Wednesday, January 10, 2007

LIFE A users manual: Georges Perec


The ultimate truth of jigsaw puzzles:

"Despite appearances, puzzling is not a solitary game: every move the puzzler makes, the puzzle maker has made before; every piece the puzzler picks up, and picks up again, and studies and strokes, every combination he tries, and tries a second time, every blunder and every insight, each hope and each discouragement have all been designed, calculated, and decided by the other."

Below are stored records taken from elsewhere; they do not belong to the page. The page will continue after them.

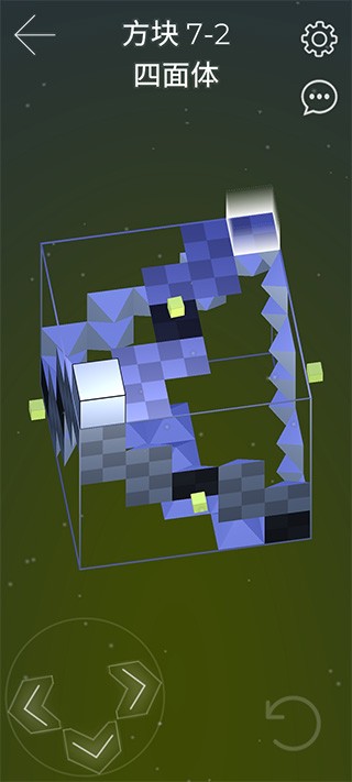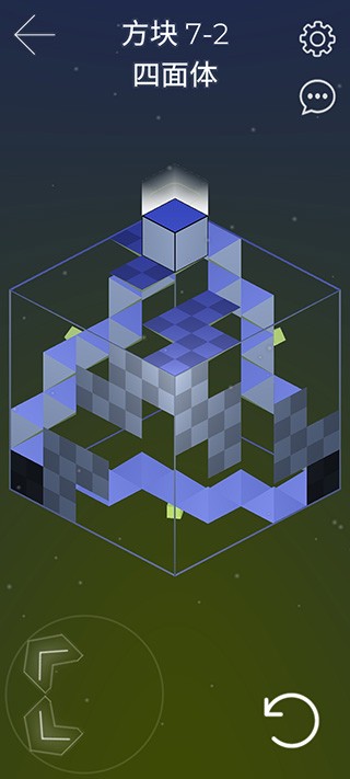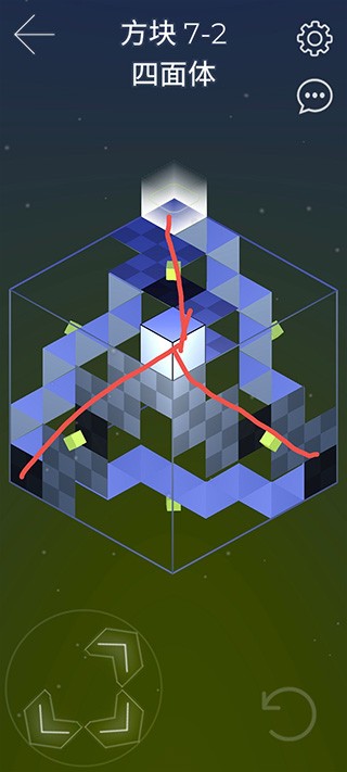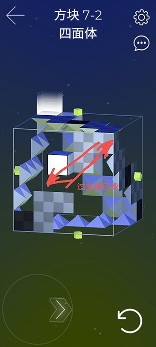 观察可知,7-2关的正方体每一个面都有通道,而且都处于对角线的位置,由于黑地板(踩一次就会消失)的存在,每条对角线只能过去一次。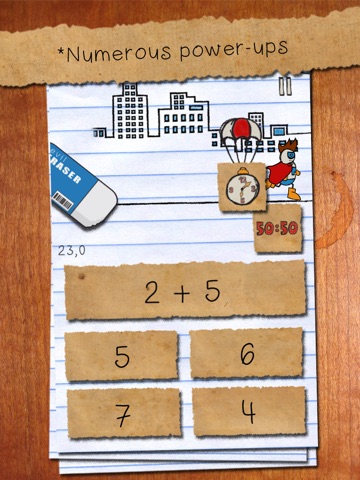 The point of Math Run is to help Super Mathman avoid the evil eraser. The only way to do this is to correctly solve mathematical problems, because only correct answers make Super Mathman run faster. There are numerous power-ups to pick up which help Super Mathman avoid the eraser for a little bit longer. You can choose from three different game difficulties or enter a fully customizable practice mode. The three game difficulties are survival style game modes, so try to avoid the eraser as long as possible. But watch out because the eraser gets faster and faster as you proceed through the round. The game pace will increase dramatically and it will get really hard for Super Mathman to avoid the eraser. There are local leaderboards for every difficulty.
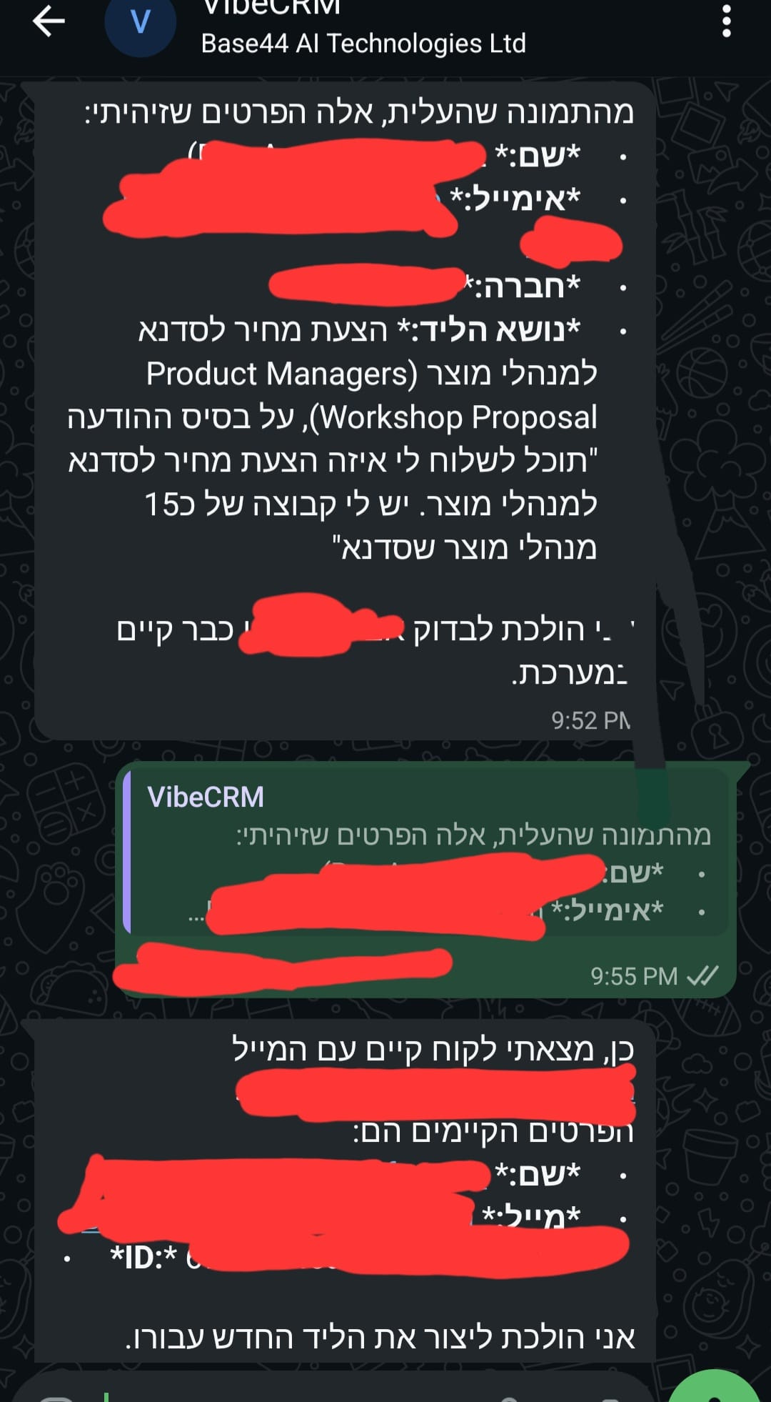 במובייל - הוספתי לאייג׳נט שיוצר לי לידים בשפה חופשית דרך הודעת ווטסאפ, פיצ׳ר זיהוי תמונה שמאפשר לי לשלוח לו צילום מסך של ההתכתבות, והוא מחלץ משם את כל הפרטים ויוצרת ליד איש קשר וליד חדש (בינתיים עובד מדהים!)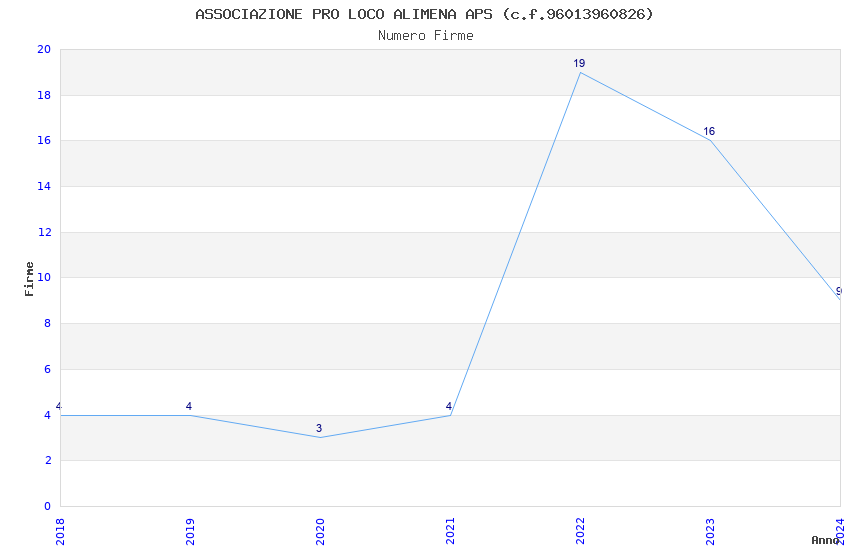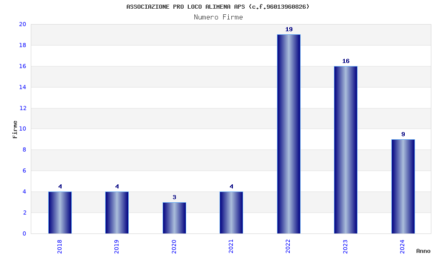 | Anno | Firme | Importi | Media | Naz. | Reg. | Prov. | Comu. |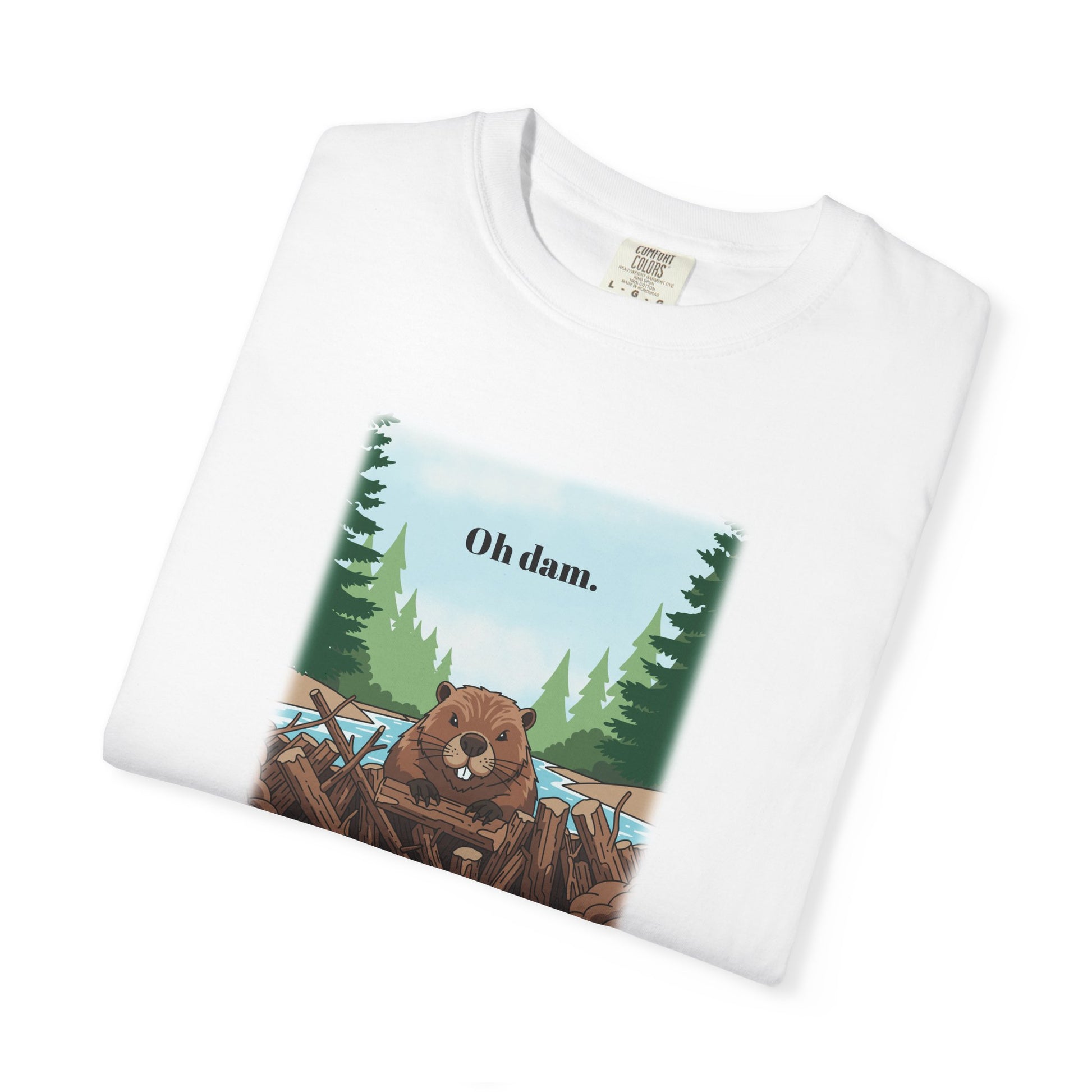 Oh dam! It's a beaver T-shirt! There isn't much more to say about this to be honest. It's a beaver t-shirt, it says 'Oh dam.' because beavers live in dams. It's pretty funny.

A wonderful book and its made me cross. Such an amazing idea and although the idea is not a new one its still blows my mind! It uses the 'Knights Tour' which I did look at last year for my fairy tale project. I'm still at the moment looking into this as it is how I plan to write my interactive novel but more about that when I finish this MA. The Knight's Tour is a mathematical problem involving a knight on a chessboard. The knight is placed on the empty board and, moving according to the rules of chess, must visit each square exactly once. There are several billion solutions to the problem, of which about 122,000,000 have the knight finishing on a square from which it attacks the starting square. Such a tour is described as closed. Otherwise the tour is open Many variations on this topic have been studied by mathematicians, including Euler, over the centuries using:
  • differently sized boards
  • two-player games based on this idea
  • problems using slight variations on the way the knight moves.
The pattern made by a Knight's Tour has often been used as a literary constraint. The earliest instance of this is found in Rudrata's Kavyalankara written during the 9th century. (Wiki)
Obviously Alice through the looking glass is a fine example although I'm not sure if it would be under the rules of the knights tour. Alice is simply a chess game played out with narrative, I did recently recreate the game to see if it would work and it does. Another idea which I'm jelous of....And along the same lines as Alice, Italo Calvino The castle of crossed Destinies - My favourite of Calvinos (Apart from his short stories) Which is written using tarot cards. The narrator of the book is a traveler who arrives at an enchanted castle where all who enter are struck mute. After a silent dinner, the host spreads the Visconti-Sforza Tarot deck on the table and the guests lay out cards as a means of relating their adventures and telling their life stories. The Tavern of Crossed Destinies is Part 2 of this book. The device is the same - mute travelers who tell their stories with tarot cards, this time using the Tarot de Marseilles by Grimaud. Instead of laying their cards out in rows, they arrange them in irregular blocks with much overlap from one story to the next. As you can see there is scope for this to be made into an interactive narrative or at least use the idea of the cards - tarot or not tarot. Amazing.